Veteran Acadiana pulls away from EA

GONZALES — With so much on the line, a senior-laden Acadiana High School team came out a tad uptight Monday afternoon in a Class 5A regional game at Johnny Ambeau Park.

For the East Ascension Spartans, playing loose made sense after they pulled off a major shocker in the first round of the playoffs.

That combination kept things interesting most of the game, but in the end the veteran Rams came through with patience and productive at-bats to pull away for a 12-6 victory.

Acadiana advanced to the state tournament in New Orleans later this week and will face either Lafayette High or Denham Springs in the quarterfinals. The Lions and Yellow Jackets were rained out Monday and will meet at 4 p.m. Tuesday in Lafayette.

With the 30th-seeded Spartans nipping at their heels for five innings, the Rams (21-13) couldn’t pull away and coughed up 2-0 and 3-2 leads.

Finally in the sixth inning, Acadiana’s plate discipline paid off when EA starter Tyler Robertson and reliever Jace Fairchild struggled with a tight strike zone.

Robertson hit Kody Gautreaux with a pitch to start the inning and walked pinch-hitter Jacob Poche with one out before giving way to Fairchild.

The first two hitters Fairchild faced drew walks, with Trevor Bellard forcing in a run to give the Rams a 4-3 lead. The next three hitters — Ole Miss commitment Stryker Trahan, cleanup hitter Chase Vincent and Ben Dubuc — all jumped on 3-and-1 pitches for singles, with Trahan and Dubuc each chasing in a pair of runs.

That trio combined to go 8-for-13 with nine RBIs, with Vincent delivering another two-run single in the seventh with two outs to pad the lead. They are three of the Rams’ 13 seniors who will make a third straight trip to state.

“The guys we had at the plate were experienced and those three came up big all day,” Acadiana coach Scott McCullough said. “We have a big group of seniors who wanted to get back to state and they came out and played well and overcame being a little tight at first.”
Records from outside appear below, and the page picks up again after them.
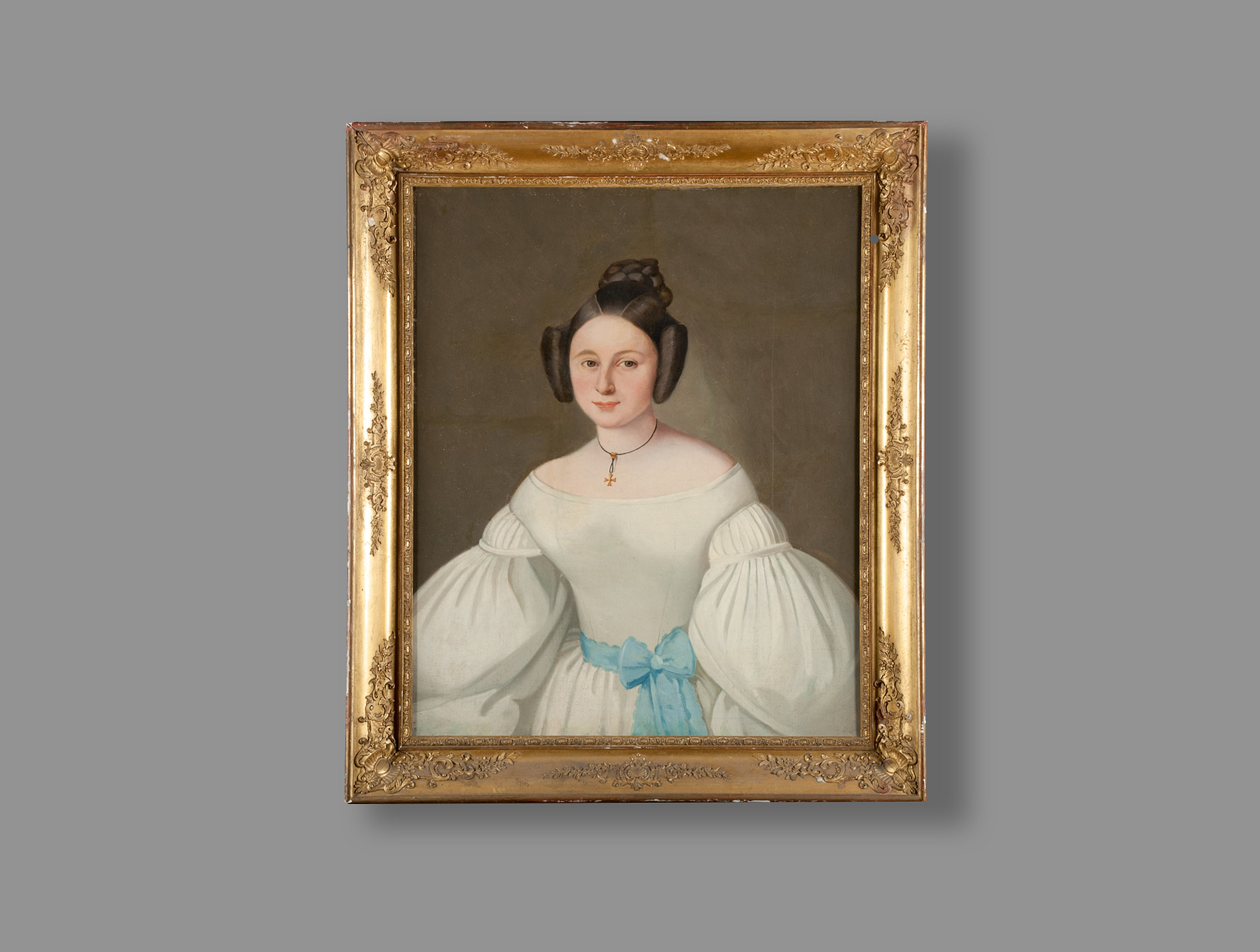 Portrait d'une jeune fille romantique portant une robe blanche à la ceinture bleue, cadre doré, XIXe.
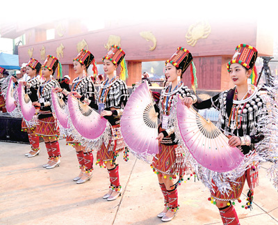 云南德宏傣族景頗族自治州隴川縣,當?shù)厝罕娖鹞钁c祝節(jié)日。
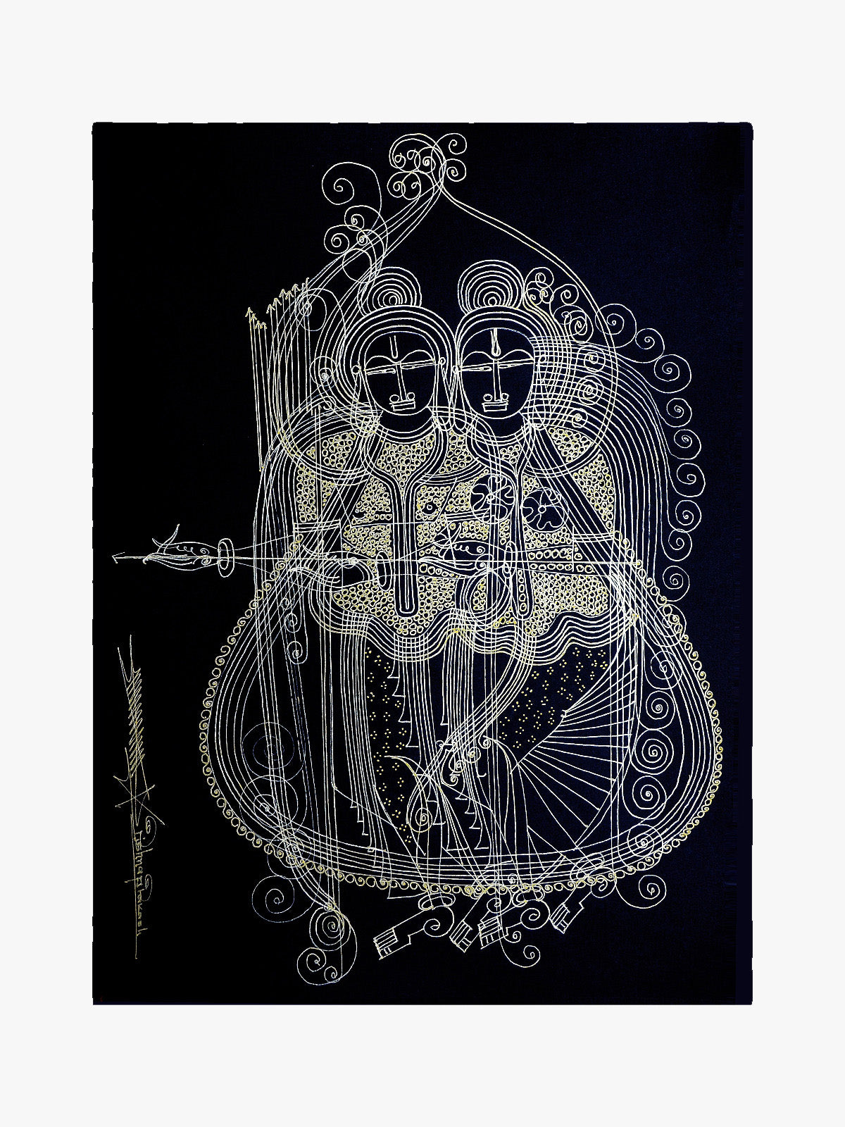 Discover the enchanting tradition of Surpur, a fading craft from Karnataka, through our exquisite line art depiction of Radha Krishna Crafted with meticulous attention to detail, each piece encapsulates the rich cultural heritage of India. Adorn your space with this exquisite black and white painting of Ram and Sita. Meticulously crafted, it captures their divine grace and eternal love. Perfect for any decor, this timeless piece brings a touch of spiritual elegance and tranquility to your home or office.

Nervous or not, Acadiana also had to handle the stiff challenge East Ascension (18-18) posed.

The Spartans stunned third-seeded Sam Houston 7-4 in the first round, and came out swinging Monday with six hits in the first three innings. But it wasn’t until Devin Speliegene yanked a two-run double to left field that EA got on the scoreboard.

That evened the score 2-2 after the Rams chipped away with single tallies in the first two innings with Vincent and Bellard producing two-out run-scoring singles.
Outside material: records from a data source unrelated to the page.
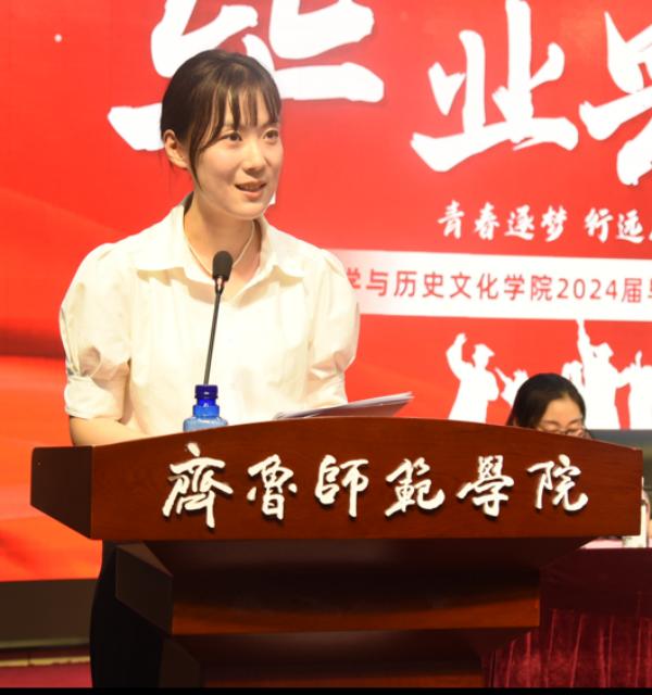 师恩厚重,母校情深。2020级学生王佳和、李佳政作为毕业生代表发言。她们分享了自己在学院的学习经历和成长感悟,共同表达了对学院领导、教师以及辅导员们的由衷感谢。她们表示,在未来的日子里将继续永葆初心,砥砺前行。
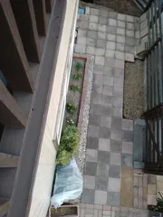 旦那さんと共同作業していた庭です。ここは化粧砂利を一面に敷いていたのですが薪棚に続く道なの歩きやすいように砂利をすべて撤去。コンクリート平板を敷き詰めました。ついでに植栽エリアを拡大したのでいずれ日陰向きの植物を植えたいなと思っています。とはいってもじつは完成形ではないのです。年内に完成させようと毎
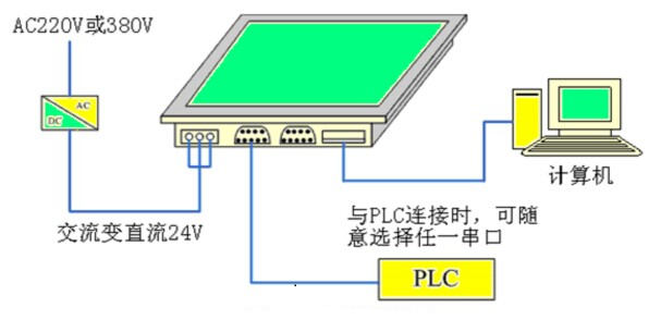 YKBuilder系列触摸屏在使用的时候, 需要DC24V直流电源供电, 与PLC和PC的连接可按下图所示来连接:
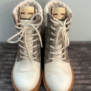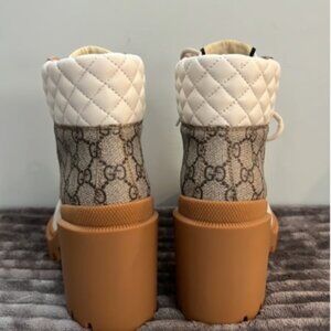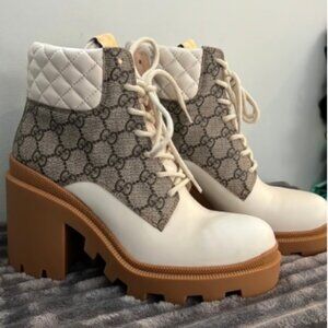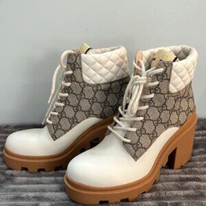 Elevate your shoe collection with these NIB Authentic Gucci Women's Lace Up Heeled Ankle Boots. The white canvas coated upper material is accented with quilted detailing, making them a stylish addition to any outfit. The lace-up closure ensures a secure fit, while the ankle height adds an extra touch of sophistication.These boots are perfect for any occasion, from a day out with friends to a formal event. With a US shoe size of 8 and EU shoe size of 38

Acadiana regained the lead 3-2 in the fifth on Trahan’s bases-loaded sacrifice fly. But the Spartans again answered when Petite dashed home on pitcher Ty Neef’s errant pickoff throw to first base.

“We competed hard and made them work for what they got,” EA coach Mike Toups said. “Them winning had a lot more to do with what they did and not what we didn’t do. We got a lot of hits, but a bunch of them came late in innings too often and we just couldn’t get a big inning going.”

The Spartans did strike big in the bottom of the sixth inning with three two-out runs with Henley punching a single to right, Petite drawing a bases-loaded walk and Fairchild chasing in another run with his fourth hit.

Toups sent Fenley homeward on Fairchild’s sharply hit single to right field, but Luke Burbank’s throw to the plate nailed him at the plate to end the rally.

That seemed to deflate the Spartans, and they went in order in the seventh after Acadiana tacked on three runs in the top of the inning.

“With two outs in that situation, you always make them throw you out,” Toups said. “And they did. That’s a credit to them.”

Likewise, McCullough wasn’t shy about crediting EA.

“They kept battling and hit (Neef) harder than anybody has all season,” he said. “They hit a lot of balls hard and we had to play good defense.”